2. Revenge of the Nerds
How often did the edited-for-TV version of this little gem come on during the summer? Sometimes it felt like it was being shown back to back. And yeah, they edited out all the swearing and nudity. But they failed to edit out when the “nerds” place cameras in a sorority so they can watch them shower. Or that stomach-turning scene when head nerd Robert tricks a girl into having sex with him by pretending to be her real boyfriend. And how did all that rape (yes, tricking someone into thinking they are someone else to have sex is rape) turn out? She fell in love with him, and they stayed together of like 25 more films (I lost count). No, sorry. WRONG. On so many levels.
3. License to Drive
Anyone else watch this move on repeat during school vacations? I know I did. We had it on VHS, and although I thought it was epic as a teen, when I think back on that scene where Dean (the cool kid) takes a camera up Mercedes’ (the older popular girl) dress as she’s passed out drunk in the back seat of the car, I feel sick to my stomach and downright livid.
4. Dazed and Confused
This movie was a cornerstone of my high school years. Everyone talked about it. We all had to see it. And who was the coolest guy in that move? David Wooderson (Matthew McConaughey), a 20-something dude who spends his days trying to hook up with high school girls. You remember the iconic line, “That’s what I love about these high school girls, man. I keep getting older, they stay the same age.” Somehow this movie made statutory rape seem cool, and that is beyond disturbing.
5. Weird Science
If we break this movie down to it’s core, two teenagers use science to create a grown woman they can take a shower with. As if that’s not odd enough, there’s also a flip side to it. The boys are (16 and 17) and the woman they create is in her mid 20s. She’s also really into them, so actually, they created a pedophile. I must have watched this movie 800 million times as a teen, and now, after writing this very short paragraph, I’m wondering what it did to my over-all development.
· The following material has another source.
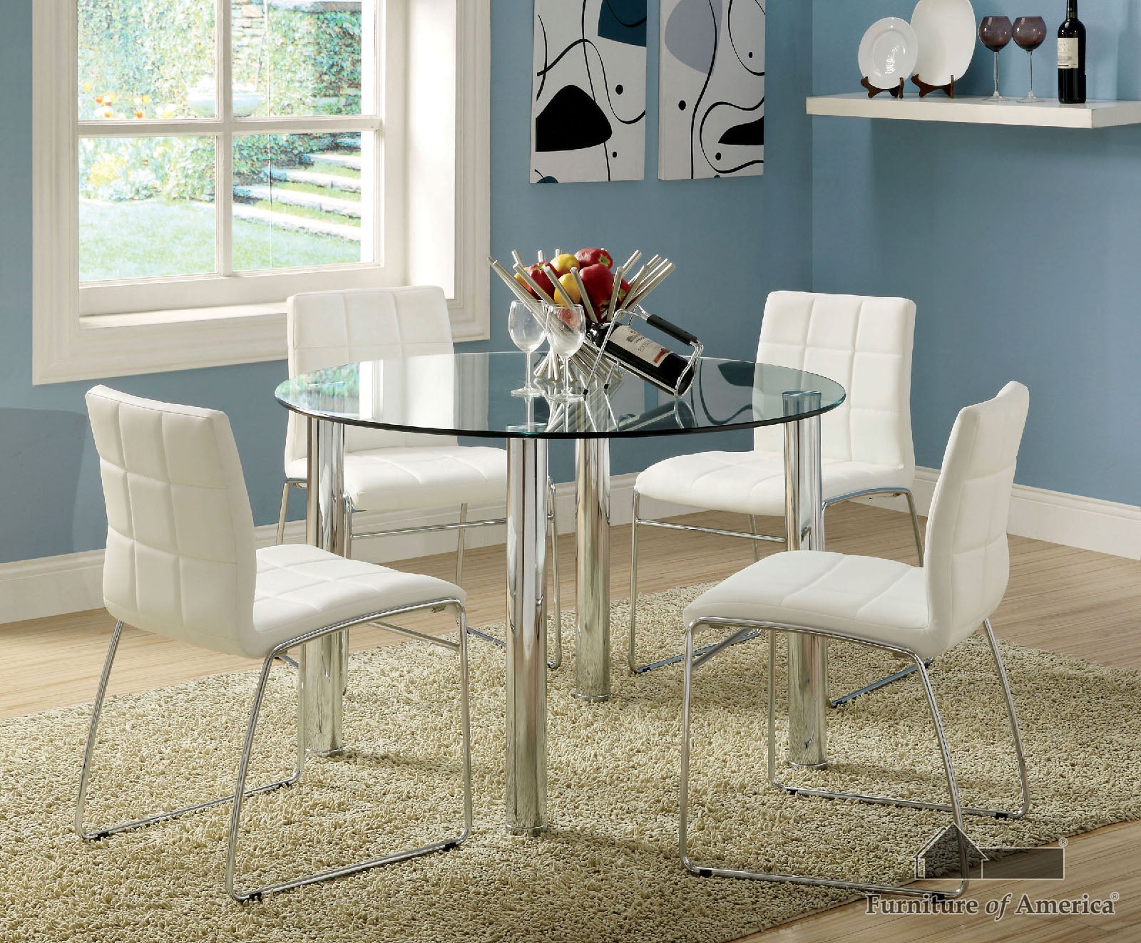 Tempered glass top rests on four solid chrome posts, creating a sleek looking framework for a contemporary dining set. Black or white padded side chairs with thinner chrome legs provide contrast to the bold table legs and create visual interest.

6. 7 Brides For 7 Brothers
I know. I know. I’m reaching well out of the ’80s and ’90s here. This came out in the 50s, but it seems like everyone who grew up in the ’80s and ’90s watched it growing up. And if they didn’t watch the movie, they were in a high school production of it. I won’t go too far into the nitty gritty of this sucker because all I have to do is give a simple plot summary like “Seven brothers kidnap seven women. They lock them up in a cabin for the winter until they all fall in love with each other.” Pump the breaks, people! This is a comedy. But honestly, there is nothing funny about Stockholm Syndrome.
I know. I know. If you are like me, it feels like your childhood was just destroyed. And for that, I’m sorry. And sure, this just happens with time. People look back on art and it reflects how messed up society was. But the question we, as parents, are now left with is: Do we keep these ideas around by showing these movies to our children?
I’m going to say “no.” Let’s just not.